Lopez vs KEPPEL BANK PHILIPPINES



Topic: Labor/Loss of Trust and Confidence

Issue: Is Lopez liable for loss of trust and confidence for issuing the two disputed POs?

Held:

The merits of the case

On the substantive aspect of the case, we note that Lopez was dismissed from the service by
reason of loss of trust and confidence, a just cause for an employees dismissal under the
law.24 Lopez insists though that the act which triggered the dismissal action does not justify his
separation from the service.

Is Lopez liable for loss of trust and confidence for issuing the two disputed POs?

The right of an employer to freely select or discharge his employee is a recognized prerogative
of management; an employer cannot be compelled to continue employing one who has been
guilty of acts inimical to its interests.
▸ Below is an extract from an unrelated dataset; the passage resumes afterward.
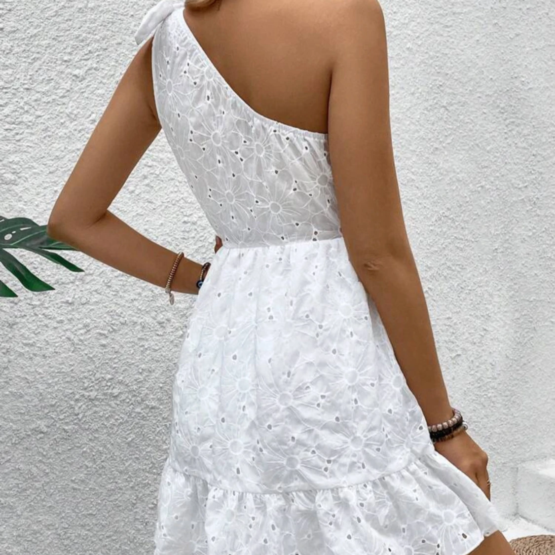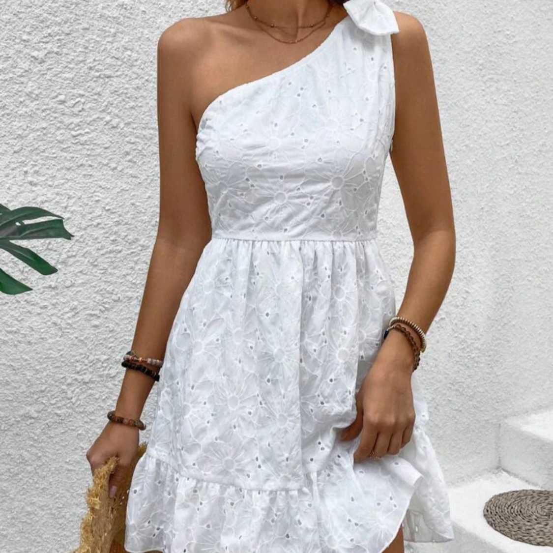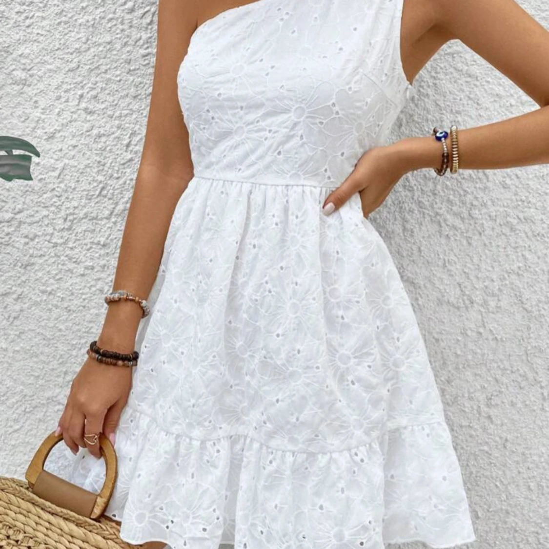 Snygg vit oneshoulder klänning med broderade detaljer och volangkant. Perfekt för sommarens alla tillfällen och student! Klänningen har en söt rosett på axeln!

When this happens, the employer can dismiss the
employee for loss of confidence.25

At the same time, loss of confidence as a just cause of dismissal was never intended to provide
employers with a blank check for terminating employment. Loss of confidence should ideally
apply only (1) to cases involving employees occupying positions of trust and confidence, or (2)
to situations where the employee is routinely charged with the care and custody of the
employers money or property. To the first class belong managerial employees, i.e., those
vested with the powers and prerogatives to lay down management polices and/or to hire,
transfer, suspend, lay-off, recall, discharge, assign or discipline employees, or effectively
recommend such managerial actions. To the second class belong cashiers, auditors, property
custodians, or those who, in the normal and routine exercise of their functions, regularly handle
significant amounts of money or property.
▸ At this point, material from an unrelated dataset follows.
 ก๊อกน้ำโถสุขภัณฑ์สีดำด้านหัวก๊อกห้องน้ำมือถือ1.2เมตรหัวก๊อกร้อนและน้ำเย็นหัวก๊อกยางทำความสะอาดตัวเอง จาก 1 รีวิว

As branch manager, Lopez clearly occupies a "position of trust." As a bank official, the
petitioner must have been aware that it is basic in every sound management that people under
ones supervision and direction are bound to follow instructions or to inform their superior of
what is going on in their respective areas of concern, especially regarding matters of vital
interest to the enterprise. What appears clear is that the bank cannot in the future trust the
petitioner as a manager who would follow directives from higher authorities on business policy
and directions. The bank can be placed at risk if this kind of managerial attitude will be
repeated, especially if it becomes an accepted rule among lower managers.

In Nokom v. NLRC,32 we reiterated the guidelines for the application of loss of confidence as
follows: (1) loss of confidence, should not be simulated; (2) it should not be used as a
subterfuge for causes which are improper, illegal or unjustified; (3) it may not be arbitrarily
asserted in the face of overwhelming evidence to the contrary; and (4) it must be genuine, not
a mere afterthought to justify an earlier action taken in bad faith.